_Activity_
Take the lines below beginning at the line that has "潮鞋达人是一款模拟经营游戏,你将会在这里" and stopping after the line that has "You can choose", and print them exactly as they are, with no other lines.

_Data to examine_
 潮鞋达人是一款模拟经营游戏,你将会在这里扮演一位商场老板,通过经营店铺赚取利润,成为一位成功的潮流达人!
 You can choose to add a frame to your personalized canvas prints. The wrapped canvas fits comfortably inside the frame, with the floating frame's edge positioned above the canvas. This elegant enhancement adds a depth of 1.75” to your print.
---
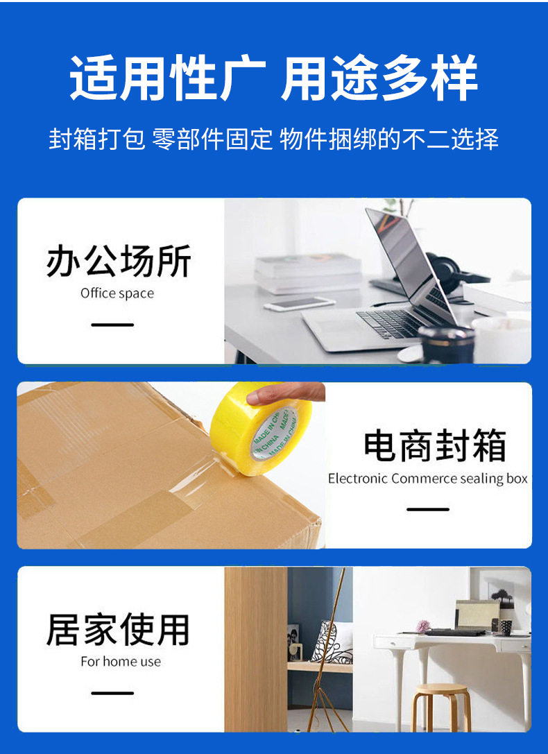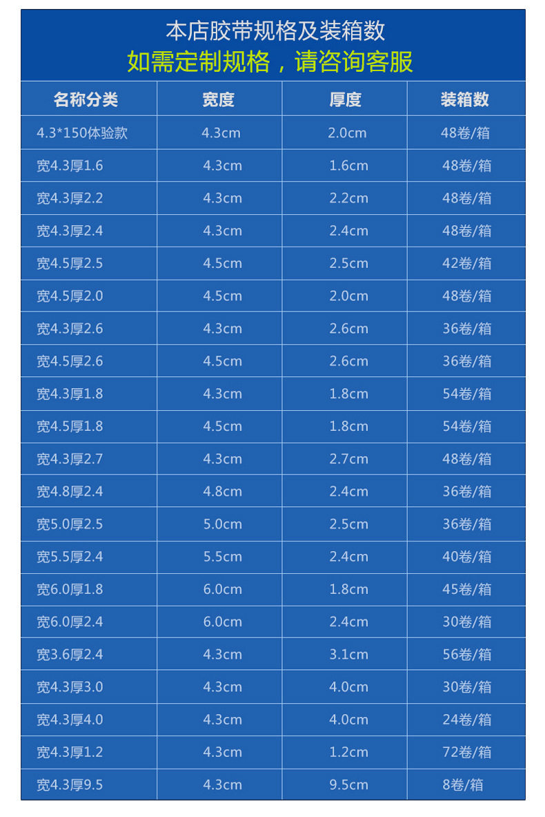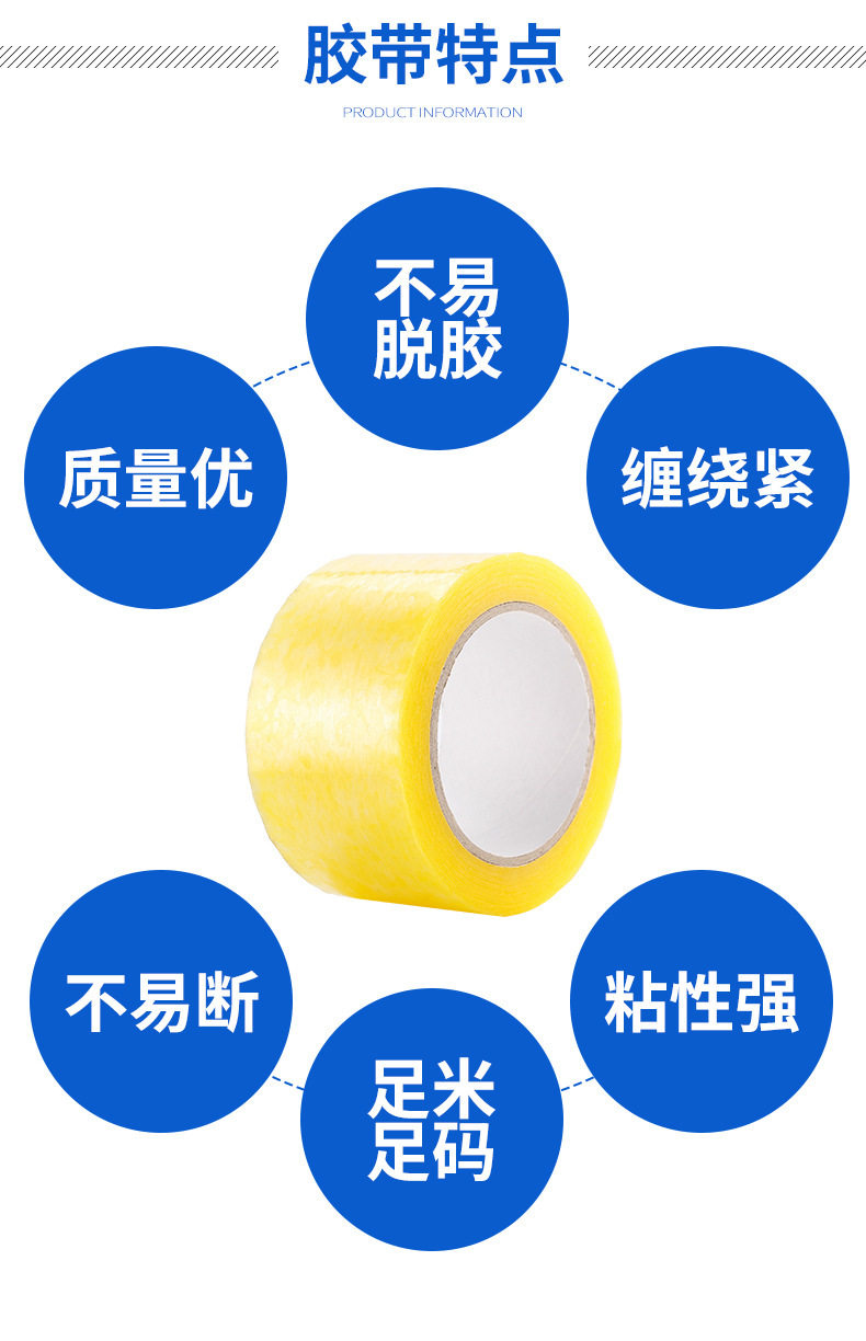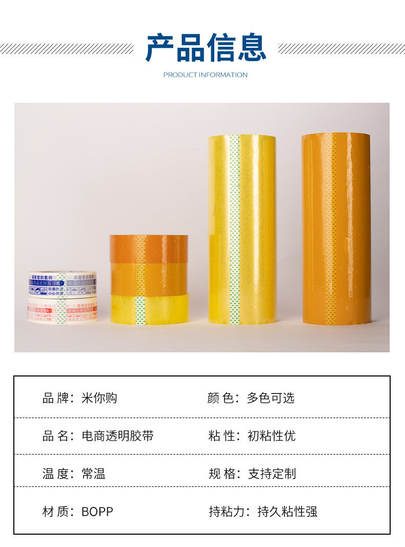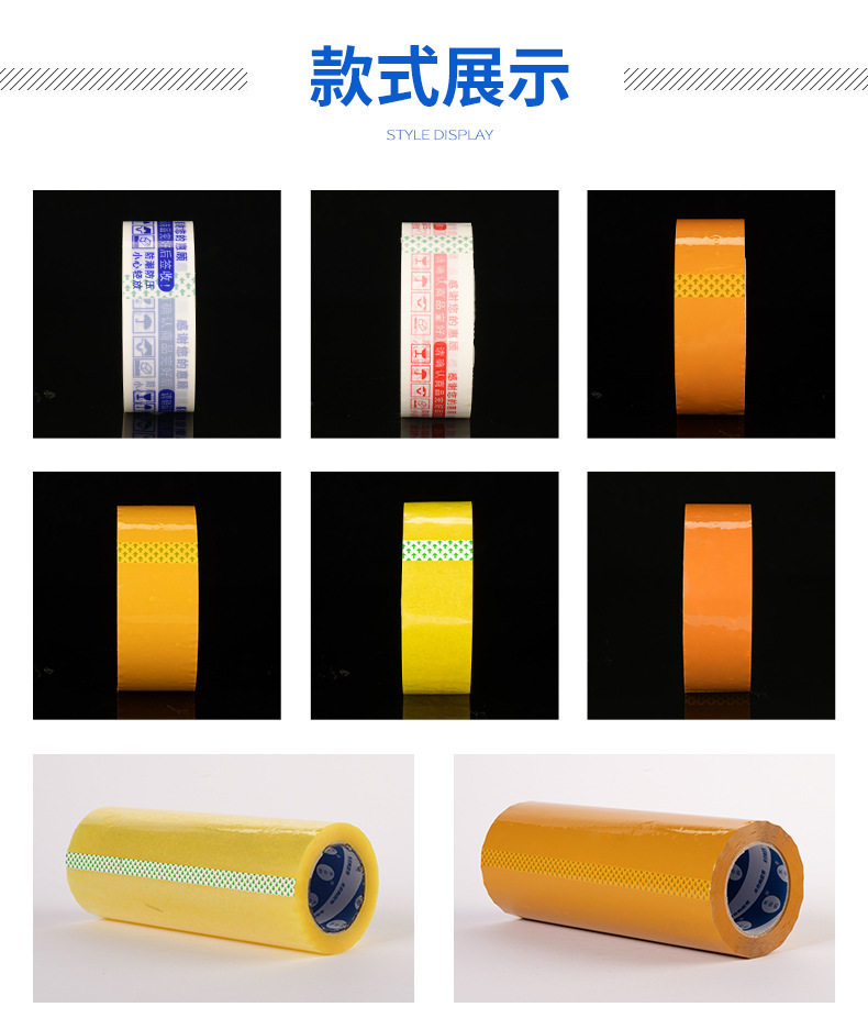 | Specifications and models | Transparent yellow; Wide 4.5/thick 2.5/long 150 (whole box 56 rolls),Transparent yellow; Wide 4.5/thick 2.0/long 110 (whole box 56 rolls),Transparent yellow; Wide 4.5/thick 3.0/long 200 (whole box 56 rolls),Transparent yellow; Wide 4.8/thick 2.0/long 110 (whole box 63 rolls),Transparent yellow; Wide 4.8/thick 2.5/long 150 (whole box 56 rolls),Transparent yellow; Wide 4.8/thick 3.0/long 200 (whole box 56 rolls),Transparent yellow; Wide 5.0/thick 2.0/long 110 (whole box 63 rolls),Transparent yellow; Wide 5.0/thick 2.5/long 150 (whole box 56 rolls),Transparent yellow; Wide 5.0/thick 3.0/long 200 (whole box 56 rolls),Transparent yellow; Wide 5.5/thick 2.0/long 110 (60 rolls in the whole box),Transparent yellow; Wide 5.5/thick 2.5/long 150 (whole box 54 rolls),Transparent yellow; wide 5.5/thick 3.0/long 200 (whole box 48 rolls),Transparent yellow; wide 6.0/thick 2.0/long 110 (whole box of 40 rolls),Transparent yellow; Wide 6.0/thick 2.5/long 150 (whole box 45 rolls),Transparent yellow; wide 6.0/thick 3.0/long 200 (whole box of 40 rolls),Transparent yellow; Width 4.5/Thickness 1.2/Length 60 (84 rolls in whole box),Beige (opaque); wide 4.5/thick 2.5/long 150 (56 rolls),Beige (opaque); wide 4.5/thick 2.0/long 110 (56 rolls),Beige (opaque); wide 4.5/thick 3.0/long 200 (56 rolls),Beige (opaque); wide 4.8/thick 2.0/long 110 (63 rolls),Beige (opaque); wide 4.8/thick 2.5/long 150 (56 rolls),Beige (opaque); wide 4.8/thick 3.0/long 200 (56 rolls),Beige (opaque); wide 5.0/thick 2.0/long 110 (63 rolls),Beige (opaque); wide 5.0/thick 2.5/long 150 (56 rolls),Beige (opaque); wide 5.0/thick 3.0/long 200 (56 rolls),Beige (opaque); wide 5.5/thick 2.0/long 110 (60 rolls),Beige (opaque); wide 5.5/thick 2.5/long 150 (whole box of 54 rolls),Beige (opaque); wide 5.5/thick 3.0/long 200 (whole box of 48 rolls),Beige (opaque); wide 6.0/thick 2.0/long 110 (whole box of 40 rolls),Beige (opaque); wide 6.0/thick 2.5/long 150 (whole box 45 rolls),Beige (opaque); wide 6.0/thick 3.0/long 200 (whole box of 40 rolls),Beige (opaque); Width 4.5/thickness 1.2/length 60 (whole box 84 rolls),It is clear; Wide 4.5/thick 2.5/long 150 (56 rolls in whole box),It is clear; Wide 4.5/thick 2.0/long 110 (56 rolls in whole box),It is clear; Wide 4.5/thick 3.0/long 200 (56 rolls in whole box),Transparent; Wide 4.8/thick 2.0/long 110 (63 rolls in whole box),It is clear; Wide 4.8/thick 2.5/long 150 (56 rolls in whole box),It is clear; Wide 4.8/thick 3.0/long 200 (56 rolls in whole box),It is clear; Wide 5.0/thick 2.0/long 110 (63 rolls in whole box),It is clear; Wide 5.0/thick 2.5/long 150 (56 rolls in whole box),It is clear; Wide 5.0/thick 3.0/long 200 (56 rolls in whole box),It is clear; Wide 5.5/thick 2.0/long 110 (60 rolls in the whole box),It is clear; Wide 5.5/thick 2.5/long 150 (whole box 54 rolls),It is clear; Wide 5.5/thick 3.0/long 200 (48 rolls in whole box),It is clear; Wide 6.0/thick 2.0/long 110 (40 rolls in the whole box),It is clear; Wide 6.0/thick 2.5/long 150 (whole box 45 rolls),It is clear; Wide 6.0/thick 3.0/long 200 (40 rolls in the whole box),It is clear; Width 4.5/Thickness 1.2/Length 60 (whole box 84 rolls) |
* * *
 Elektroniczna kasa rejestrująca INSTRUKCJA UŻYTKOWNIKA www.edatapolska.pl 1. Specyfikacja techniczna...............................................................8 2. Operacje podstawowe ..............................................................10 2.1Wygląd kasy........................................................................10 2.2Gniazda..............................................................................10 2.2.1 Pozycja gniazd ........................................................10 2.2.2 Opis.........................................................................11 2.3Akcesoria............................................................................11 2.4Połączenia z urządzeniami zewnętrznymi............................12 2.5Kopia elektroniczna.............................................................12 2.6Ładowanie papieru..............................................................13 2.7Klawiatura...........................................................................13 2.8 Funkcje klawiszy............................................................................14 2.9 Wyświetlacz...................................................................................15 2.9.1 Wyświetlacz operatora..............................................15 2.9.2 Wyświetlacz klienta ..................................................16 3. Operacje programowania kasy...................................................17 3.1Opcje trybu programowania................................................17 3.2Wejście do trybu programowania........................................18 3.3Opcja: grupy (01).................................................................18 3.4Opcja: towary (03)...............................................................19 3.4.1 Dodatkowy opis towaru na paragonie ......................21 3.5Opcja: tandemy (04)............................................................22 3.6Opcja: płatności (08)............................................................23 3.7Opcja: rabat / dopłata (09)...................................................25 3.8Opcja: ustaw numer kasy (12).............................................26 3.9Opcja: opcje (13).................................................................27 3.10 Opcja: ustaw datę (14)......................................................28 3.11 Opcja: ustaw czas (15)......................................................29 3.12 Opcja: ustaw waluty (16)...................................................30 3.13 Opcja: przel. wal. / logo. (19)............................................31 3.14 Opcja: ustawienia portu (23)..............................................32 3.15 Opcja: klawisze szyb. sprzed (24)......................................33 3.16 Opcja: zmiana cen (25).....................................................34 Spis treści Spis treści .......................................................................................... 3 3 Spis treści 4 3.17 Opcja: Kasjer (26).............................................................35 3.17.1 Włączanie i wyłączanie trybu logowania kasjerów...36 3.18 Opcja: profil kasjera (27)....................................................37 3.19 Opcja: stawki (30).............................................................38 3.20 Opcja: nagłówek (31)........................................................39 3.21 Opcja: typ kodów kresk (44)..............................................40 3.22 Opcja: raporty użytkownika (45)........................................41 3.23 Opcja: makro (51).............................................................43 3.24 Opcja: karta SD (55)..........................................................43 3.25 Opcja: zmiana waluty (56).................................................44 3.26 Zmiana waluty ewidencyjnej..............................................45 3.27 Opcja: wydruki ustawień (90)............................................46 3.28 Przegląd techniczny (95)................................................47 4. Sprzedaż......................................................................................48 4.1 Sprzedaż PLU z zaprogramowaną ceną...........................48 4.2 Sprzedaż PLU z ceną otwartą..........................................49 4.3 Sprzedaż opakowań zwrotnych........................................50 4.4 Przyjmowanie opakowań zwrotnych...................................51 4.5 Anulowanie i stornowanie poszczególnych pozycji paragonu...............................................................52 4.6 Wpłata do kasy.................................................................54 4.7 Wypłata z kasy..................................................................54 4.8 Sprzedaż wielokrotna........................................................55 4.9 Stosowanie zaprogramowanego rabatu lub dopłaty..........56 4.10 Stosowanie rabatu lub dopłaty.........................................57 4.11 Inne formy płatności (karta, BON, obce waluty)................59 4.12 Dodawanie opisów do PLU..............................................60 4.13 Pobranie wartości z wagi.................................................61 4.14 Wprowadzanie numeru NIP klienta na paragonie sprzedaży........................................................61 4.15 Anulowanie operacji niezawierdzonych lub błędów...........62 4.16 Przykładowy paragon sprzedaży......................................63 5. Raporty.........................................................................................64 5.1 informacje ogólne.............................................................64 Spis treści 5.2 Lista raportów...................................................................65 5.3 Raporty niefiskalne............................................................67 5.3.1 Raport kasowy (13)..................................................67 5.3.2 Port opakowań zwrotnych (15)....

_Result of this task_
 潮鞋达人是一款模拟经营游戏,你将会在这里扮演一位商场老板,通过经营店铺赚取利润,成为一位成功的潮流达人!
 You can choose to add a frame to your personalized canvas prints. The wrapped canvas fits comfortably inside the frame, with the floating frame's edge positioned above the canvas. This elegant enhancement adds a depth of 1.75” to your print.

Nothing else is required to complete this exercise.